With Lord Darling’s passing this week, the country has lost a great public servant. As the occupant of Number 11 between 2007 and 2010, Lord Darling was Chancellor during the most acute financial crisis that the United Kingdom had confronted in a century. His response to that event won him the respect and esteem of people of all political creeds. His legacy has shaped the environment for every Chancellor since.
It is hard to remember just how close to the brink Britain’s financial system came in those momentous months in 2008. Financial collapse, the decimation of lives and livelihoods – these were the stakes for Darling in those momentous months in 2008. The recent debates over orthodoxy only highlight the depths of Darling’s achievements – for he achieved the difficult feat of overriding economic orthodoxy whilst working closely with the Bank of England, Financial Services Authority – and the banks themselves.
The recapitalisation of the banks and the quasi-nationalisation of RBS and Lloyds would have been unthinkable in normal times. He injected emergency liquidity and provided a significant fiscal boost, with the deficit rising to its highest level in peacetime, breaking the Treasury’s own fiscal rules. He began the programme of reform of financial regulation that the Coalition would later build on. The lesson learned – that extraordinary times require extraordinary measures – set a precedent for future UK governments. Would the Conservative Government have been as ready, during the COVID-19 pandemic, to implement radical measures such as furlough, had Darling not blazed the trail fifteen years before?
He handled the crisis, famously, with calmness and aplomb, qualities that stood him in good stead whether with his Cabinet colleagues, or in convincing the bond markets that he would be able to get the deficit under control. The characteristics that, as Transport Secretary, had twice won him the accolade of ‘Britain’s most boring politician’ made him exactly the man to take the helm of the economy during a financial crisis. He appeared to some as first and foremost the resolver of conflict: softly-spoken, mild-mannered politician and capable of lowering the temperature in most rooms. Yet beneath it all was a core of absolute resolve, born of a steely self-confidence married with an intellectual rigour that enabled him to defy, where needed, the clamour within his party – and even the Prime Minister of the day himself.

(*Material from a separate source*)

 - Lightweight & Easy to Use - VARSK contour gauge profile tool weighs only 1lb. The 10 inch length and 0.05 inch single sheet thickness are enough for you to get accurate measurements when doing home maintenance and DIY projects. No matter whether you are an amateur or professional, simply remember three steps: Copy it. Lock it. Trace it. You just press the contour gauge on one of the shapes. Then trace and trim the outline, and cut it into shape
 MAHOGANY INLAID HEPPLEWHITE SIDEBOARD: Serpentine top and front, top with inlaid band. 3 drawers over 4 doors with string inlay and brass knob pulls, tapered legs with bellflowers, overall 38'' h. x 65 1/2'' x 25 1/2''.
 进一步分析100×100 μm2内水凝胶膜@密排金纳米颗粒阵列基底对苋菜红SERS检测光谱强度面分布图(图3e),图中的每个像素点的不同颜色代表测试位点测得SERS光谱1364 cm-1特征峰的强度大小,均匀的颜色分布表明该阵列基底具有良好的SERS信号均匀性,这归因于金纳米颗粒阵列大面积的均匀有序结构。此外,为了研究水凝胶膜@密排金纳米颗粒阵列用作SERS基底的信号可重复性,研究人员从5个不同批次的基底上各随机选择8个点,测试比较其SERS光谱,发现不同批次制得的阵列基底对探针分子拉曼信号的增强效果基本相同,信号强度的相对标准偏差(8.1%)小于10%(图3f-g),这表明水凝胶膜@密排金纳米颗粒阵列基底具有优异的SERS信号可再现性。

For unlike many who avoid conflict, Darling was a man of great integrity, and was guided by a strong set of moral convictions. It meant that when he believed something needed to be said, considerations of convenience and mollification were secondary to doing what in his view was right. Civil Servants who worked with him report that he never shirked responsibility, but instead was a man with not only the intellectual ability to grasp the complexities of the most difficult economic crisis Britain had faced in decades, but with the steel to make the right decisions – and stick to them. Both his warning of prescient financial crisis in 2007, and his willingness to cancel planned spending plans in the wake of events, bear testimony to a man who believed in doing what was right, not was popular.
Darling’s final – and, we may hope, longest lasting – legacy is the preservation of the Union. As Chair of the Better Together campaign during the referendum on Scottish Independence he had a remarkable ability to speak to those things that all of us in Britain share in common.

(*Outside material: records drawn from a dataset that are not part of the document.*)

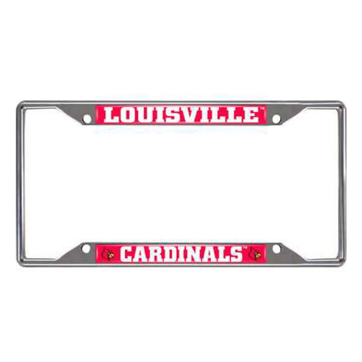 | Louisville Cardinals Chrome Metal License Plate Frame, 6.25in x 12.25in Made of chrome metal with a durable finish that resists the elements Team logo is domed and features vibrant colors that catch the eye 4 pre-drilled holes ensure a safe and secure fit, plus no rattling noises while driving Slimline design helps keep registration tag visible Fits most standard plates, measures 6.25" x 12.25" Screws not included University of Louisville in Kentucky |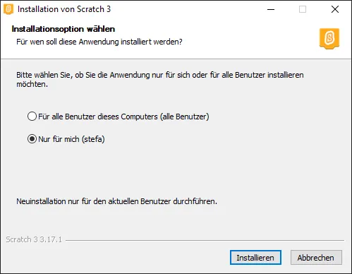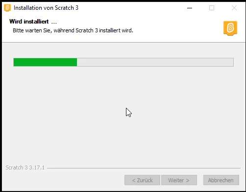 Der Wizard zum installieren von Scratch ist in 3 Fenster aufgebaut und bedarf keiner besonderen Rechte während der Installation.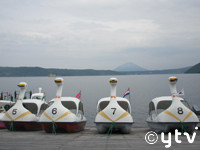 さてさて先週この日記で紹介した「洞爺湖アニメ漫画フェスタ」。イベントは現地スタッフや多くのお客さんのおかげで大成功に終わりました。で、印象深かったイベントに負けず感動したのがこの土地そのものでした。この洞爺湖町には過去一度訪れ、昭和新山などの見学もしたことがあるのですが、今回は地元のスタッフにアナ場も案内もされて、町の素顔に充分触れることができました。たとえば「洞爺湖ビジターセンター 火山科学館」の展示や映像がすごい!2000年3月の有珠山噴火の折には印象的なニュースだったなあ、という程度の記憶にすべて事実の裏打ちができたのは僕にとって大きいものでした。当時の実際の火山活動の地殻影響がそのまま保存されている「有珠山 西山火口散策路」などの“火山遺構”も驚異的で、その手の自然現象はちょっと興味のある分野なので短い時間でしたが堪能してしまいました。2枚の写真はまずその散策路入り口から見た風景。噴火の影響で道路と交差点が陥没し車は放置され、水が池のようにたまってるのがわかります。もう一枚は洞爺湖畔に並ぶスワンボート、遠くに見えるは羊蹄山です。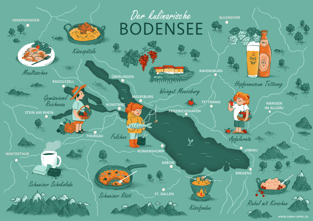 Diese illustrierte Landkarte zeigt den Bodensee und umliegende Städte. Doch statt einer geografischen Landkarte liegt der Fokus hier auf den regionalen Speisen und gastronomischen Highlights der Region.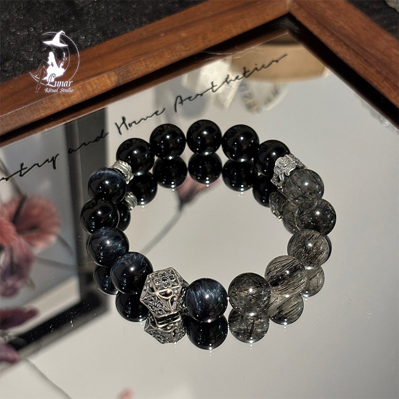黑曜石、黑碧璽、鈦晶組成最強守護陣。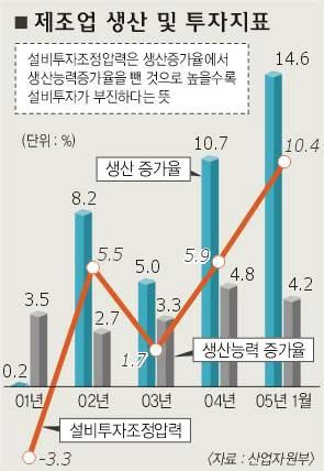 산자부는 20일 ‘외환위기 이후 기업의 재무구조와 투자추이 분석 및 시사점’ 보고서를 통해 2003년 9월 이후 제조업 생산능력 증가율이 생산 증가율을 따라가지 못하는 상황이 이어져 성장잠재력의 심각한 훼손이 우려된다고 밝혔다.

Darling was the first Secretary of State I ever served under. As a fresh-faced civil servant joining the Department of Trade and Industry straight from university, he was everything one had hoped a Cabinet Minister would be: capable, authoritative and committed, a leader one could be proud of whatever one’s politics. And, as I would later learn at Policy Exchange he was an immensely generous man – generous with his time and generous with his intellectual capital. His four years’ experience in charge of the Department for Transport were brought to bear on the think tank’s transport research in 2021. He appeared on Policy Exchange’s platform many times, including last year when he spoke on a panel concerning proposals for road pricing, and was gracious enough to lend his backing to a number of our reports, including on the importance of investing in capital and on the need for an economy-wide carbon tax.
Our country, then, has lost a remarkable political figure. Lord Darling represented the best of politics, and the history books will record that he had an immense bearing on this country in the first decades of the Twenty-First Century. He will be sorely missed.